Comment 6 Dan Newman 2006-09-08 14:46:16 UTC
In light of

http://sunsolve.sun.com/search/document.do?assetkey=1-26-101834-1&searchclause=101834

I'll be installing Solaris patch 118305-05 tonight.  Since that patch needs to be followed by a reboot,
it won't be obvious what the "real" fix was for this issue with SlimServer as I will have changed two
variables at once: installed a patch AND rebooted the system.  I'll update this bug after the reboot.

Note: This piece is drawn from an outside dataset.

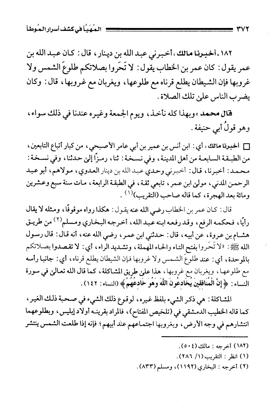 182 - أخبرنا مالك، أخبرني عبد الله بن دينار، قال: كان عبد الله بن عمر يقول: كان عمر بن الخطاب يقول: لا تَحَروا بصلاتكم طلوعَ الشمس ولا غروبها فإن الشيطان يطلع قرناه مع طلوعها، ويغربان مع غروبها، قال: وكان يضرب الناس على تلك الصلاة.
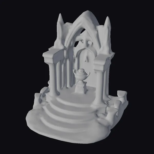 Perched atop a series of worn stone steps, the shrine’s facade is a marvel of intricate design, with delicate carvings that tell stories of a long-forgotten era. The pointed arch, a hallmark of Gothic architecture, frames a smaller, equally ornate doorway, hinting at the secrets within. As moss and greenery claim the structure as their own, the shrine seems to blend seamlessly into its surroundings, becoming one with the landscape. The central urn, perched on a simple pedestal, adds a touch of solemnity to the scene. This 3D model is perfect for game developers, architects, and designers looking to add a touch of ancient mystique to their projects, whether for print, VR/AR experiences, animation, or conceptual design.

Comment 7 Dan Newman 2006-09-08 15:39:00 UTC
Closing as INVALID.  This is indeed a (known) Solaris 9 (and 10) bug.  Spoke with
a/the responsible engineer at Sun, stopped and restarted some interfaces, and
all works now (but will again get into a bad state until such time that I apply patches
112233-12 and 118305-08).  My situation was apparently exacerbated by use of virtual
interfaces and IP multipathing so hopefully it's less likely that others may see this.
Comment 8 Dan Newman 2006-09-12 09:52:03 UTC
Wanted to add one additional bit of debugging info.  If a machine is running the
network backup system Legato Networker / EMC Networker / Sun EBS then the
backup system may be usurping TCP ports 7937-9936 such that processes may
not be able to bind to them even if they don't show up in use with lsof or netstat.
After I installed the Sun patches mentioned previously in this report, I still had
difficulty with some ports in that range.  Use nsrports -S to resolve any
issues with that port range.
Comment 9 Chris Owens 2006-09-12 10:57:07 UTC
Thanks for the additional info, Dan!